Soni Kumari zog ihn ein Stück zur Seite, vor die Fassade einer Eisdiele, wo sie ein wenig vor Schnee und Wind geschützt standen. »Ich hatte bereits gestern mit Thore Dahl zu tun, wenn auch nicht direkt.«
»Jetzt haben Sie meine Aufmerksamkeit. Erzählen Sie.«
»Der Hafenmeister rief gestern Nachmittag auf der Wache an, weil es hier Ärger gab. Ein Streit unter Seeleuten.« Sie deutete mit einem Nicken zu einem Fischkutter auf der anderen Seite des Hafens, genau gegenüber der Magellan. »Die Adama Marit. Dort waren zwei Männer aneinandergeraten.«
»Und einer davon war Thore Dahl?«
»Das sagte zumindest der Hafenmeister. Dahl muss mit dem Kapitän der Adama Marit gestritten haben. Als wir ankamen, hatte sich der Trubel allerdings gelegt.«
»Haben Sie die Beteiligten befragt?«
»Ich habe zuerst mit dem Kapitän der Adama Marit gesprochen, Reno Merik Nickelsen.

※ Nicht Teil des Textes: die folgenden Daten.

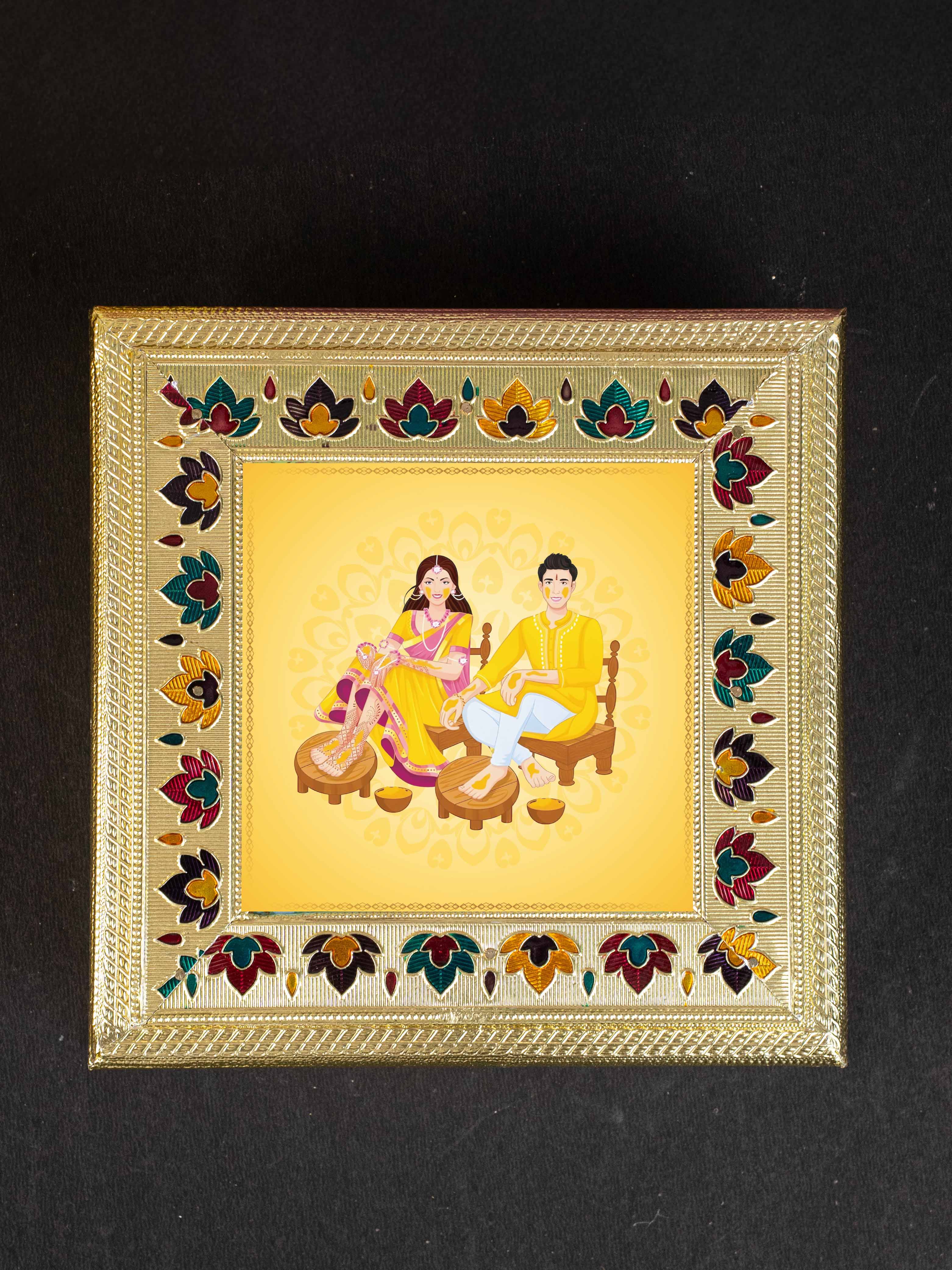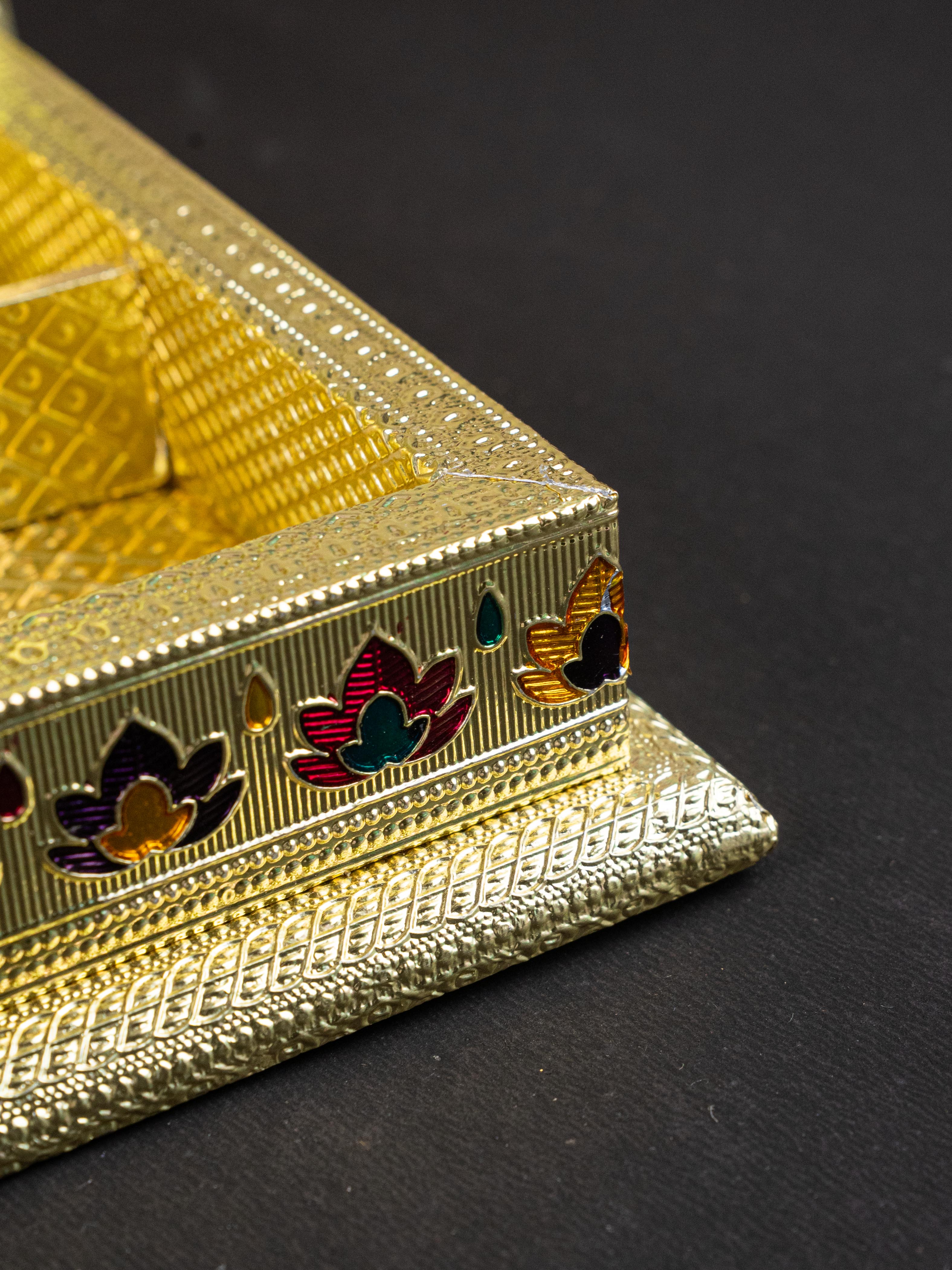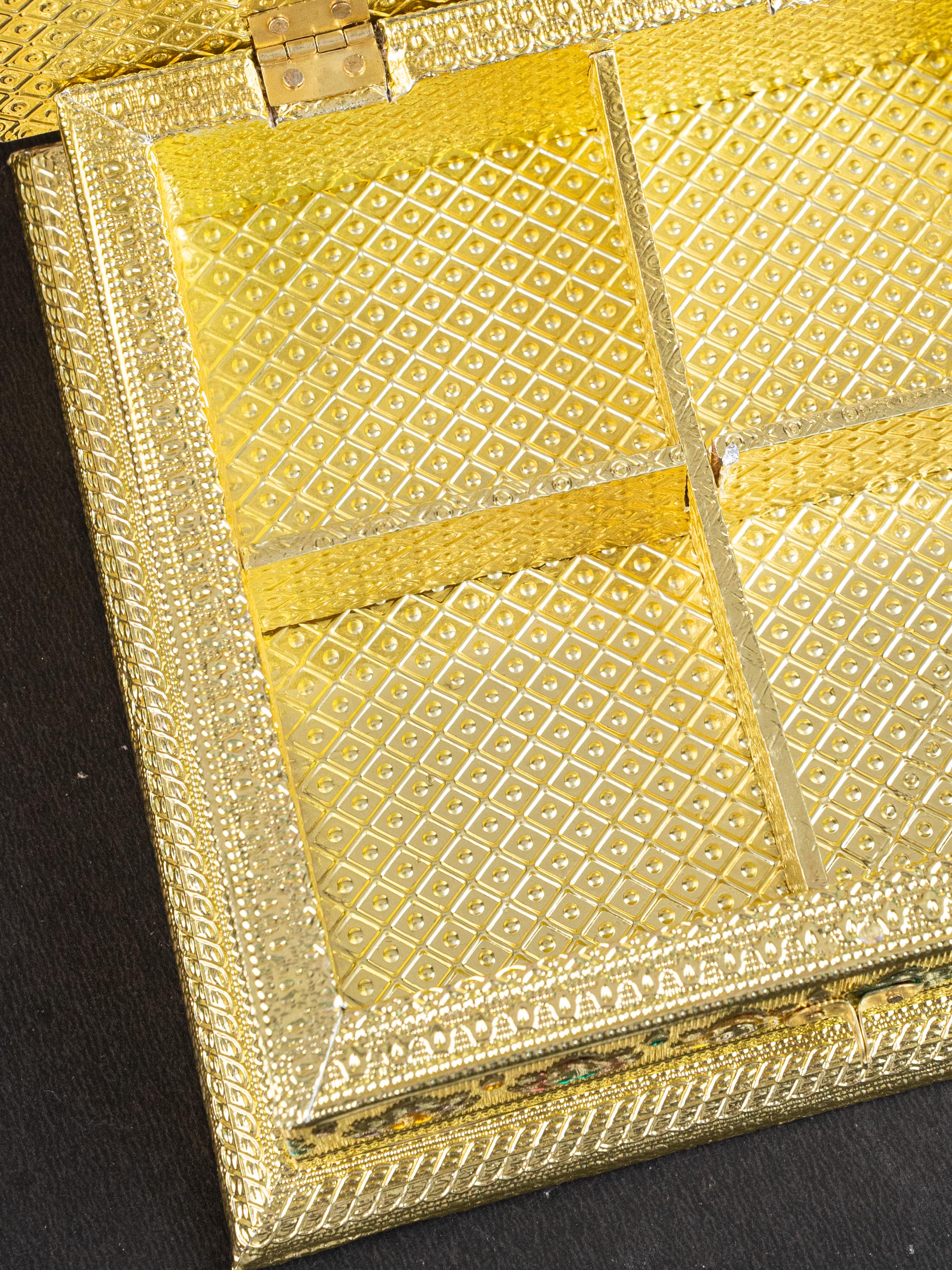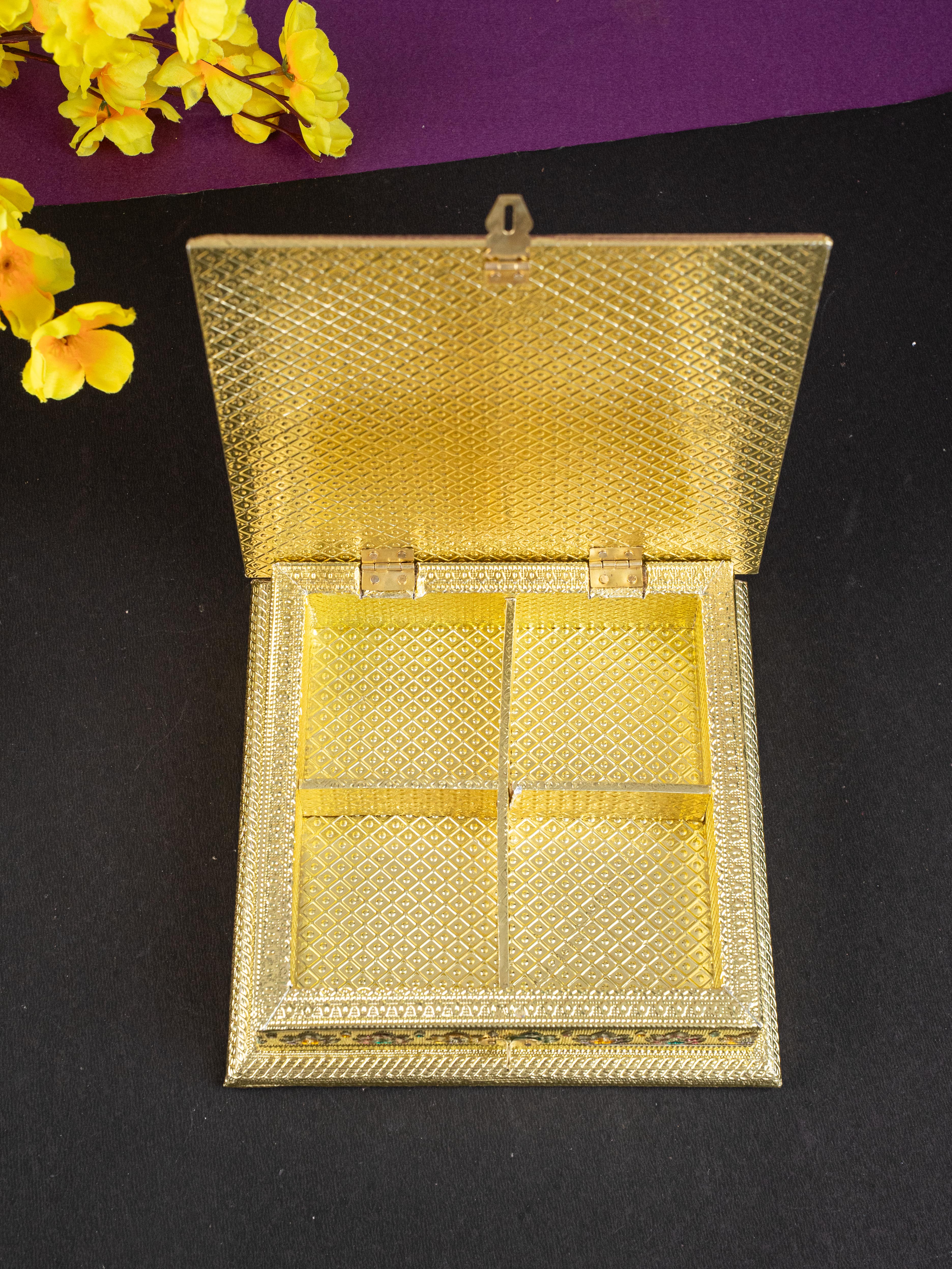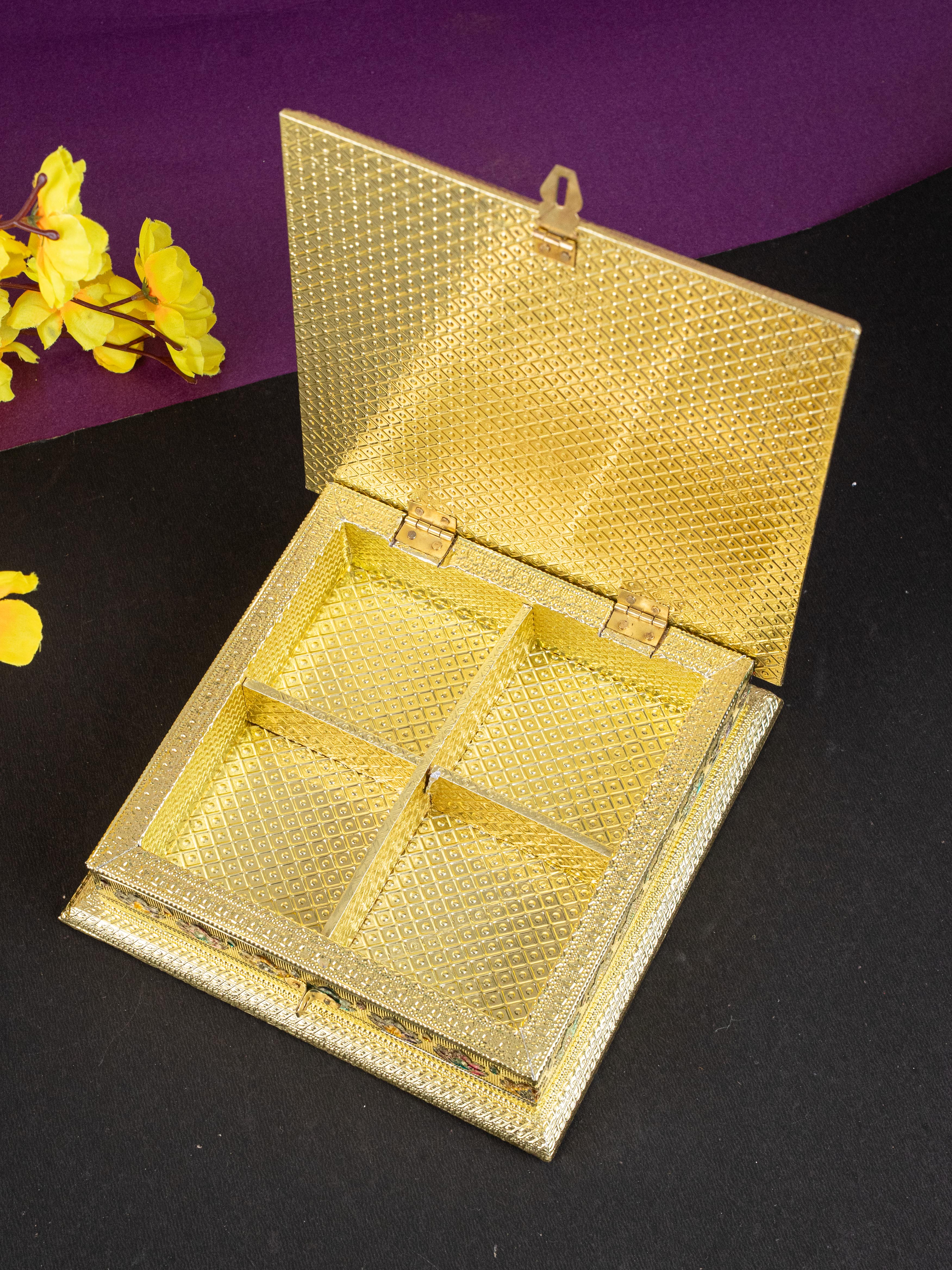 Customized - Meenakari Dry Fruit Box - Gold - 8x8 inch - WL5261

Er hat den Streit geleugnet.«
»Und Thore Dahl?«
»Den habe ich nicht zu packen bekommen. Sein Sohn, Bern Dahl, hat mich abgewimmelt. Angeblich lag sein alter Herr mit Fieber in der Koje.«
»Aber der Hafenmeister ist sich sicher, dass er Thore mit Nickelsen streiten sah?«
»Ja, er hat das später noch mal bestätigt.«
»Seltsam.« John betrachtete abwechselnd die beiden Kutter. »Wenn Thore Dahl so krank war, wie alle sagen, warum hat er sich dann aus der Koje gemüht und zur Adama Marit geschleppt, um einen Streit mit diesem Nickelsen vom Zaun zu brechen?«
Wenig später betrat John die Kabine von Thore Dahl an Bord der Magellan und betätigte den Lichtschalter neben der Tür. Die Deckenlampe bestand aus einer runden Messingeinfassung und einem milchigen Deckglas, unter dem sich die kleinen Körper von leblosen Fliegen und Mücken angesammelt hatten. Ihr fahles Licht reichte gerade aus, um den Raum zu erhellen. Die Kabine mochte ungefähr vier mal vier Meter groß sein und bot genügend Platz für ein Bett, einen Schreibtisch und einen Kleiderschrank. Ringsum waren die Wände mit dunklem Holz vertäfelt, was die Stimmung im Raum zusätzlich dämpfte. Es war kalt hier drin, und der Geruch von abgestandenem Pfeifentabak kroch John in die Nase. Vor dem Bullauge ging der Schnee in dicken Flocken nieder.